Millan et al. (1998) use GA to evolve Boolean functions that have high nonlinearity. In conjunction with the GA, they use hill climbing together with a resetting step in order to find Boolean functions with even higher nonlinearity and sizes of up to 12 inputs. They find balanced Boolean functions with 8 inputs that have nonlinearity 112 and correlation immunity equal to one. Furthermore, when using GA with hill climbing, they find eight input balanced Boolean functions with nonlinearity equal to 116. Millan et al. (1999) use variations of the hill climbing method in order to find Boolean functions that have high nonlinearity and low autocorrelation.

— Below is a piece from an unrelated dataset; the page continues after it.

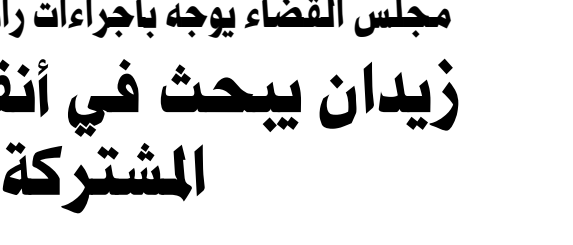
أنقرة - ماهر أوغلو بغداد - الزمان

Clark and Jacob (2000) experiment with two-stage optimization to generate Boolean functions. They use a combination of simulated annealing (SA) and hill climbing with a cost function motivated by Parseval theorem in order to find functions with high nonlinearity and low autocorrelation.

Clark et al. (2002) use simulated annealing to generate Boolean functions with cryptographically relevant properties. In their work, they consider balanced function with high nonlinearity and with the correlation immunity property less than or equal to two.

Kavut and Yücel (2003) develop improved cost functions for a search that combines SA and hill climbing. With that approach, the authors are able to find some functions of eight and nine inputs that have a combination of nonlinearity and auto-correlation values previously unattained. They also experiment with a three-stage optimization method that combines SA and two hill climbing algorithms with different objectives.

Clark et al. (2003) experiment with SA in order to design Boolean functions by spectral inversion. They observe that many cryptographic properties of interest are defined in terms of Walsh--Hadamard transform values. Therefore, they work in the spectral domain where the cost function punishes those solutions that are not valid Boolean functions.

Burnett et al. (2004) present two heuristic methods where the goal of the first method is to generate balanced Boolean functions with high nonlinearity and low autocorrelation. The second method aims at generating resilient functions with high nonlinearity and algebraic degree that maximizes the Siegenthaler inequality.

Millan et al. (2004) propose a new adaptive strategy for the local search algorithm for generation of Boolean functions with high nonlinearity. Additionally, they introduce the notion of the graph of affine equivalence classes of Boolean functions.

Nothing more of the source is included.